When we live in a closed community, we are observed by others living in it. Our reputation is built on what they believe about us or say to the other members of the community. And their beliefs are based on snippets of our behaviors that generate small signals which in turn make our trust quotient go up or down — for example, someone seeing us yelling at a kid plucking flowers might be seen negatively or helping in a community celebration might be seen positively. However, trust is not a simple mathematical equation — it depends on how much the two behaviors are valued by the members of a community. If the community believes that plucking flowers is an acceptable behavior, admonishing the kid will be inexcusable.
Trust - The first emotion
Call it reputation or personal brand, trust is hard to manage if you don’t understand how it works. Our life experiences lead us to conclude whether we largely trust others or we do not, which actually starts from the first six months of being born. It is about the first opinions we make of others. A startup must be trusted by VCs to get funded. A potential employee must trust the employer to sign up. The employer must trust the candidate’s responses to decide to employ the person. When team members stop trusting each other, the relationship becomes toxic and work suffers.
Trust leads us to believe others’ intentions when the path ahead is unclear. When we trust someone enough, we do not need to fact-check everything in real-time. When we are reassured about the competence of the other person (in a work setting), it builds a certain degree of predictability. The combination of expertise and predictability creates trust, and expertise actually becomes the defining factor. I may not trust a friend to do brain surgery (unless he or she is a brain surgeon) but may trust the person with money. Trust takes a long time to build but also takes one instance to get destroyed.
Stranger to trust strangers
In a hyperconnected world, our actions get familiarized to strangers due to our online presence through our social posts etc. One of the most amazing things that technology has done is made us comfortable in sharing our personal moments with strangers. We post our preferences in everything from food to romantic partners online. Airbnb made us trust strangers enough to open up our homes to them. These are all behaviors that have got social acceptance that would have been impossible to expect even a few years back.
The real test of ' trust' lies in learning how a stressful situation is handled. How a person handles an unanticipated stressful scenario often reveals an aspect of the personality that makes us see a person in new light
These new behaviors that are part of our everyday life are all driven by trust. We rely on the reputation of the person we seek to engage with and look at how other strangers have rated their experiences of dealing with that person and then decide to follow. When a cab driver comes with a perfect rating we sit back, relax and even indulge in small talk. Our comfort comes in numbers when we decide to buy things from a seller on an e-commerce site based on the feedback that is visible. You can buy anything on Amazon, but can you buy good reviews? Yes, some people buy the good reviews. There are algorithms that can help you discover who is trying to fool you. There are websites that will show you how to legally buy positive endorsements on Amazon. It is clearly a cat-and-mouse game with people trying to figure out who to trust and who not to. On LinkedIn, people get endorsements to reassure future job seekers about their skills.
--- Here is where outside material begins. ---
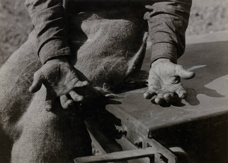DescriptionImage of man with palms outstreched to show weathered, damaged skin.Exhibition HistoryDignity vs. Despair: Dorothea Lange and the Depression Era Photographers, 1933-1941. The Nelson-Atkins Museum of Art, Kansas City, MO, June 23 – November 26, 2017, no cat.

Why celebrities have fans not friends
The real test of ‘trust’ lies in learning how a stressful situation is handled. How a person handles an unanticipated stressful scenario often reveals an aspect of the personality that makes us see a person in new light. Trust in a brand is built not when everything is working well but when the service breaks down or the customer feels aggrieved.
When a machine is able to use predictive analytics to anticipate what a customer wants, it does not delight but comes across as creepy. Machines need data to personalize but too much of personalization can be weird. When you speak to a colleague about your favorite song and then see your music app recommending it, it can startle more than delight. When we ask someone to weigh in on a dilemma and we get an instantaneous response, we feel that the response has not been thought through. The same response given after a pause can reassure the other person that their dilemma deserves deep thought. Human beings have an instinctive way of knowing how much time a thoughtful response takes.
When people put up videos that are slickly edited to leave out flaws and pauses, they convince us that they are not being authentic. It is your flaws – not your perfect self that makes you trustworthy. Perfect human beings are admired but it is hard to be friends and trust someone you admire. Celebrities crave for genuine friends (not fans) but their success and achievements make it hard for us to trust them. You cannot be friends with a fan.
It is your flaws- not your perfect self that makes you trustworthy. Perfect human beings are admired but it is hard to be friends and trust someone you admire
The digital winners are all gathering data about us constantly. Every click, every choice, every decision tells them something that even your loved ones may not know about you. Our social media posts can often reveal our deepest biases and insecurities. Your search history could tell a stranger far more about you than you may wish to reveal. But that is not a choice we have any more. Initially we searched Google. Now Google searches us to know more and yet its business model depends on being able to retain our trust. In a hyperconnected world, trust is currency. You have to know enough about me for me to know that you can be trusted. When you know too many secrets of mine, I become vulnerable and afraid of being betrayed. The “market shaping” companies have to understand ‘trust’, else they become celebrities we admire but never trust enough to be friends with.